▸ TASK
In the copy, keep every word of the data below and none of its pictures.

▸ DATA SECTION
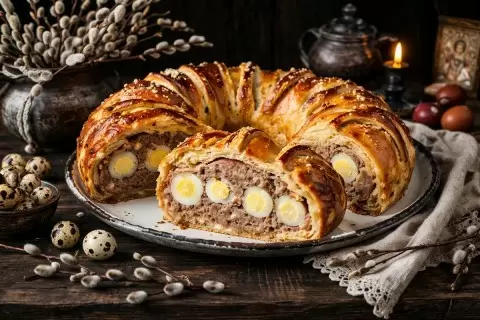 Это мясное кольцо станет не только вкусным добавлением к вашему столу, но и настоящим украшением, привнося в атмосферу семейного праздника особую торжественность. Подавая его с зеленью и крашеными яйцами, можно создать великолепный комплимент к основному блюду. Такой подход гарантирует, что ваш стол станет центром внимания!
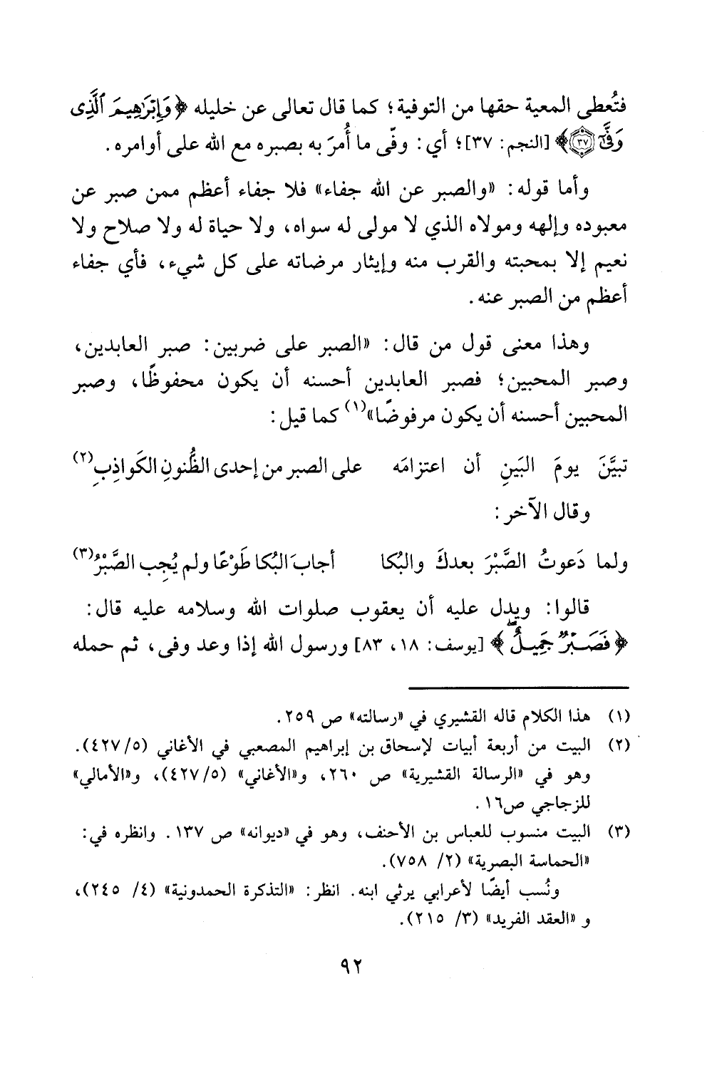 وأما قوله: "والصبر عن الله جفاء" فلا جفاء أعظم ممن صبر عن
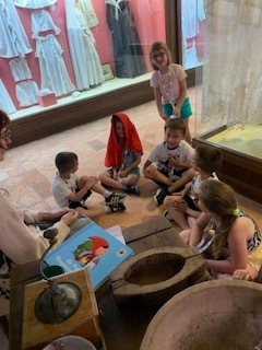 Les PS-MS-GS-CP ont pu découvrir le musée à partir de l’histoire des 3 petits cochons (pour les métiers de tisserand, de menuisier et de meunier) et l’histoire du petit chaperon rouge (pour découvrir les habits la cuisine d’autrefois).

▸ OUTPUT FOR THIS TASK
 Это мясное кольцо станет не только вкусным добавлением к вашему столу, но и настоящим украшением, привнося в атмосферу семейного праздника особую торжественность. Подавая его с зеленью и крашеными яйцами, можно создать великолепный комплимент к основному блюду. Такой подход гарантирует, что ваш стол станет центром внимания!
 وأما قوله: "والصبر عن الله جفاء" فلا جفاء أعظم ممن صبر عن
 Les PS-MS-GS-CP ont pu découvrir le musée à partir de l’histoire des 3 petits cochons (pour les métiers de tisserand, de menuisier et de meunier) et l’histoire du petit chaperon rouge (pour découvrir les habits la cuisine d’autrefois).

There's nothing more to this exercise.